**Brief:** When you reach the line containing "rg0647カラフルストーンがガンメタルに映えるデザインリング。" in the entries below, begin reproducing lines exactly, and stop once the line containing "- š š®š§ššš¢šØš§šš„" is done.

**Materials provided:**
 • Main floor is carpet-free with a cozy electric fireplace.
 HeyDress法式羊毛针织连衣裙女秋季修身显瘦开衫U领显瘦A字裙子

---

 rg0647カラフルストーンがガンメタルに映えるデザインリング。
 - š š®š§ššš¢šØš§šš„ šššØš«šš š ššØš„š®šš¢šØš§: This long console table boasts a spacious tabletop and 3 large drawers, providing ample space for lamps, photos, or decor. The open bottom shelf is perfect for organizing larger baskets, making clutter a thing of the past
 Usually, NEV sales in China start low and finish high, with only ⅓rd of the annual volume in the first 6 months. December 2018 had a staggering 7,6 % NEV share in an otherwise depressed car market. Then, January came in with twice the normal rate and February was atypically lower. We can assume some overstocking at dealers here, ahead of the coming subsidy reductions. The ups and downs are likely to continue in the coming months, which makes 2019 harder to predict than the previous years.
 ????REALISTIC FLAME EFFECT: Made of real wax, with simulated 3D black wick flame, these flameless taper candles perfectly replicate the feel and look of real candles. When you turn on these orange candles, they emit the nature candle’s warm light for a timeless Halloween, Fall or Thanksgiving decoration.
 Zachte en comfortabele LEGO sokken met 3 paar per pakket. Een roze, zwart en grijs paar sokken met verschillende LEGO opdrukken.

**Completed task:**
 rg0647カラフルストーンがガンメタルに映えるデザインリング。
 - š š®š§ššš¢šØš§šš„ šššØš«šš š ššØš„š®šš¢šØš§: This long console table boasts a spacious tabletop and 3 large drawers, providing ample space for lamps, photos, or decor. The open bottom shelf is perfect for organizing larger baskets, making clutter a thing of the past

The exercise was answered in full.